Unnamed: 0,Postal Code,Borough,Neighbourhood
2,M3A,North York,Parkwoods
3,M4A,North York,Victoria Village
4,M5A,Downtown Toronto,"Regent Park, Harbourfront"
5,M6A,North York,"Lawrence Manor, Lawrence Heights"
6,M7A,Downtown Toronto,"Queen's Park, Ontario Provincial Government"


More than one neighborhood can exist in one postal code area. For example, in the table on the Wikipedia page, you will notice that M5A is listed twice and has two neighborhoods: Harbourfront and Regent Park. These two rows will be combined into one row with the neighborhoods separated with a comma.

_As it happens, this is the format the information already came in, clearly the wikipedia page has changed since the course was written!_

_Below, I provide the code I would have used and proof it's already presented that way._

In [6]:
# the postal code mentioned above is already presented as desired:
df.loc[df['Postal Code'] == 'M5A']


Unnamed: 0,Postal Code,Borough,Neighbourhood
4,M5A,Downtown Toronto,"Regent Park, Harbourfront"


In [7]:
# however, if it wasn't, this is how I would have fixed it!
df1 = df.groupby('Postal Code')['Neighbourhood'].apply(', '.join).reset_index()
df2 = df.drop(['Neighbourhood'], axis=1)
df2 = pd.merge(df1, df2, on='Postal Code')
df2 = df2.drop_duplicates(subset=['Postal Code'])
df2.head()

Unnamed: 0,Postal Code,Neighbourhood,Borough
0,M1B,"Malvern, Rouge",Scarborough
1,M1C,"Rouge Hill, Port Union, Highland Creek",Scarborough
2,M1E,"Guildwood, Morningside, West Hill",Scarborough
3,M1G,Woburn,Scarborough
4,M1H,Cedarbrae,Scarborough


In [8]:
# as you can see, the df I would have created, and the original are the same size

df.shape, df2.shape

((103, 3), (103, 3))

If a cell has a borough, but a Not assigned  neighborhood, then the neighborhood will be the same as the borough.

In [9]:
# check for rows with Not assigned neighbourhoods

df[df['Neighbourhood'] == 'Not assigned']

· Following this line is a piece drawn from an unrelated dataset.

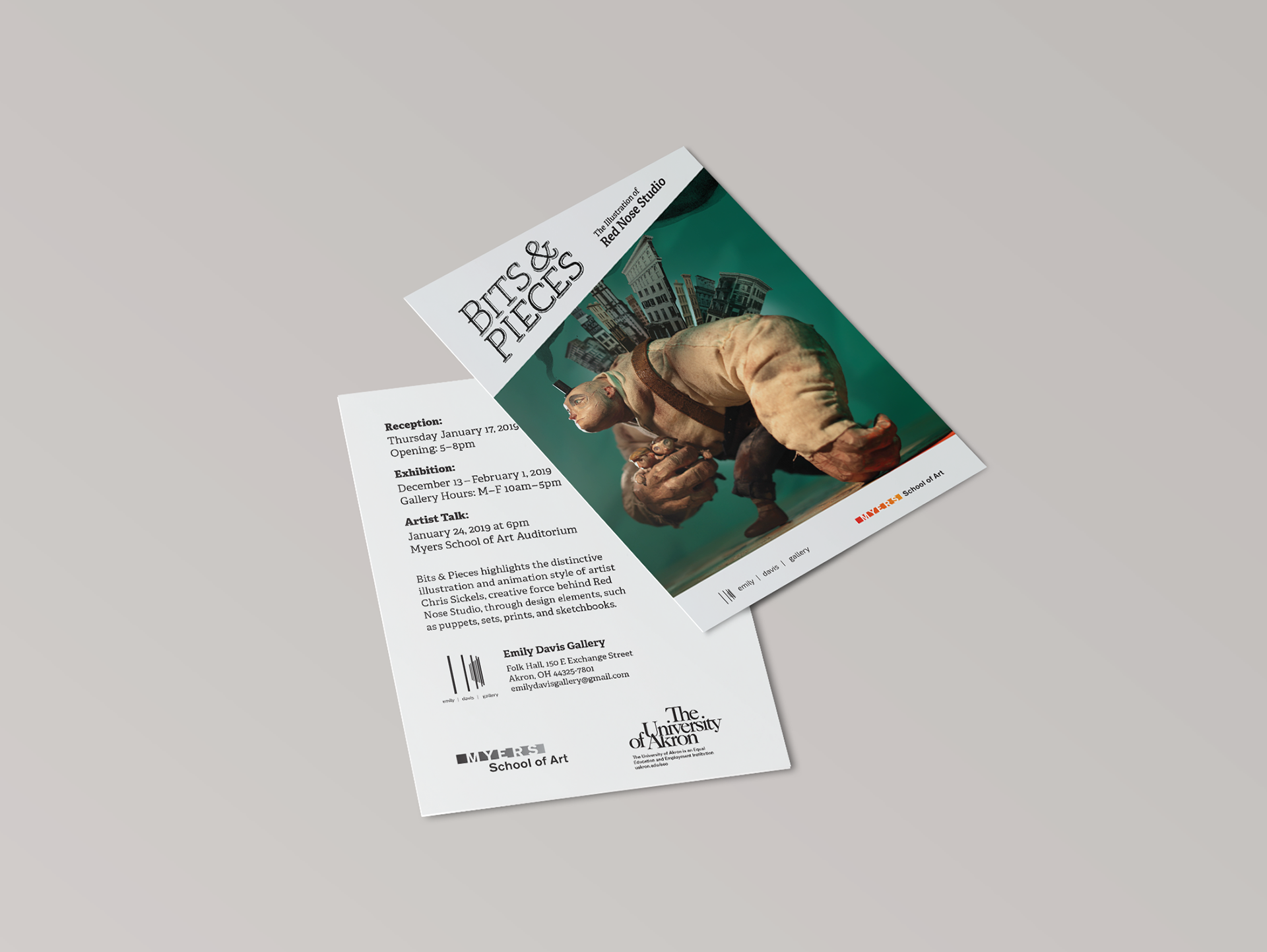 Bits & Pieces was an exhibition held at the Emily Davis Gallery which featured the dimensional and printed works of Chris Sickels. I was tasked with creating a look and feel for the title design of the show, as well as for the printed and web marketing materials. For the show title design, I created a hand-lettered piece with graphite that was later hand-painted onto the wall for the show. For the marketing pieces, I chose to let the artwork shine by allocating the show information to the white geometric shapes framing the image. The shapes as well as the typographical style were chosen as a reference to the look of Chris Sickels' works.

Unnamed: 0,Postal Code,Borough,Neighbourhood


_There are no rows which have a Borough, but which have a Neighbourhood Not assigned._

_If there were, I would have done this:_


In [10]:
df.Neighbourhood[df.Neighbourhood == 'Not assigned'] = df.Borough

In [11]:
# here is the shape of the df
shape = df.shape
print(f"The shape of my dataframe is {shape}")

The shape of my dataframe is (103, 3)